To mark National Hate Crime Awareness week and raise awareness of hate crime reporting, North Yorkshire Police have released details of the number and type of hate crime reports they have received over the past five years.
The force confirmed today that 76% of the hate crime reports made over the five year period have been to report race hate.
The type of race hate crimes reported range from people having racist abuse shouted at them in public places, having racist terms scratched into the paintwork of their car, racist graffiti written on walls and instances of criminal damage to business premises such as smashed windows.
Hate targeted at the LGBT community is the next most reported hate crime, making up 12.4% of reports, followed by disability hate crime being 5.8% of reports and religious hate crime being 5.3% of reports.
Since its launch in May 2017, the force has also received eight reports of gender based misogyny hate crime.
The number of hate crime reports has increased year on year since 2012 and year to date figures for 2017 have seen 282 reports being made.
Speaking about the reporting figures Supt Mark Khan, lead in force for hate crime said:
“Rather than the year on year increase in reports being indicative of instances of hate crimes increasing in number, the rise in the number of reports reflects the growing confidence of victims to no longer accept this intolerable behaviour and to come forward to the police.
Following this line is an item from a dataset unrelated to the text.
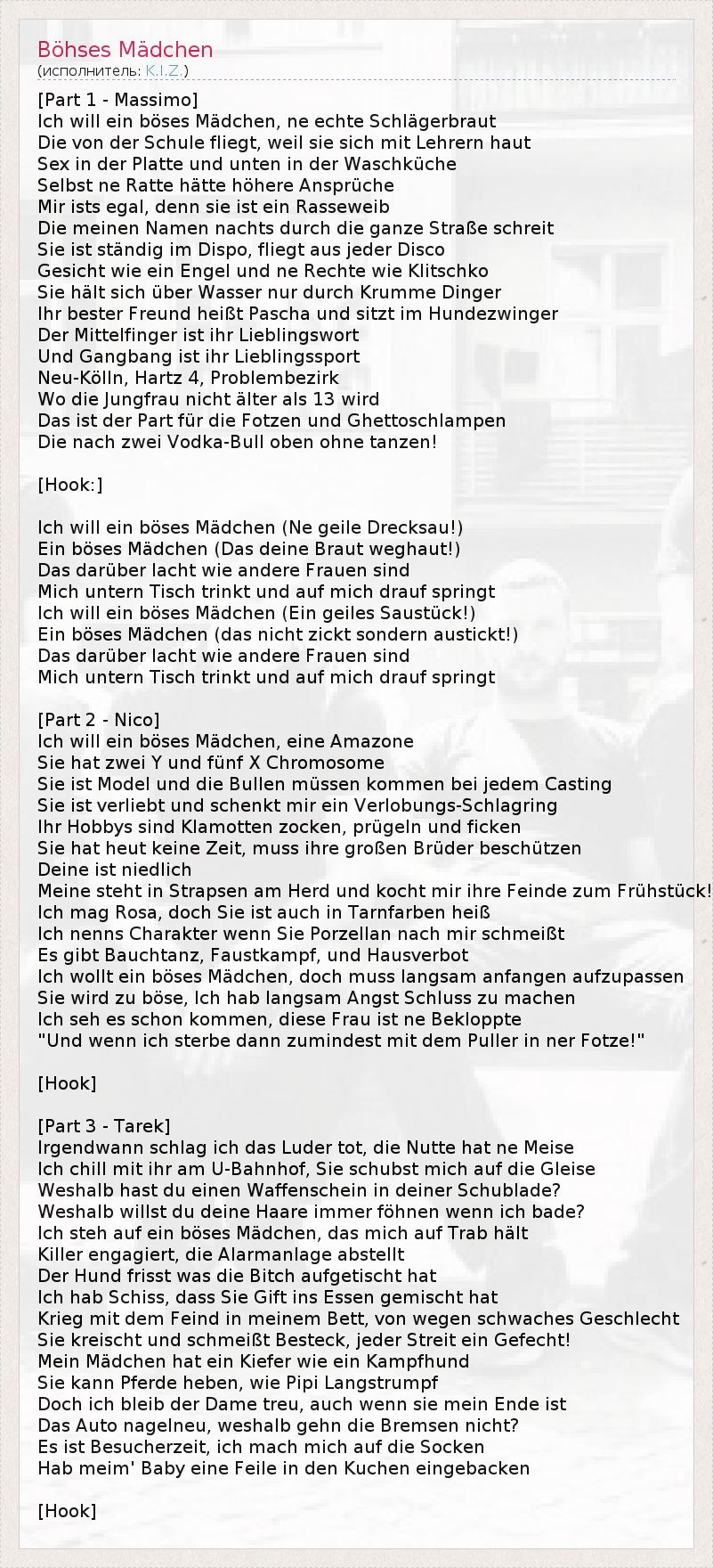 А как ты думаешь, о чем песня "Böhses Mädchen" ?

“However, we recognise that there is lot more to do to encourage victims and witnesses to come forward and make that report. With the population of North Yorkshire being approx. 810,000 and the fact that over the past five years police have received 1,458 reports in total – we know that hate crime is a massively underreported crime.
“We need to continue to ensure the spotlight is shone on all the strands of hate crime and ensure victims know that they do not have to live with this abuse and can approach the police or organisations such as Stop Hate UK, True Vision or Supporting Victims in North Yorkshire to report it and receive support.”
Rose Simkins, Chief Executive of Stop Hate UK said:
“Stop Hate UK offers its 24/7 reporting service in North Yorkshire to report incidents of hate crime, in any of its forms, whether you are directly affected by the incident, a witness to an incident or a third party to an incident that could be a hate crime.
“It’s so important to recognise that any potential hate crime incident is reported to the correct parties, so that the right support can be offered. Stop Hate UK offers an independent reporting service and we will help and support you through the reporting process.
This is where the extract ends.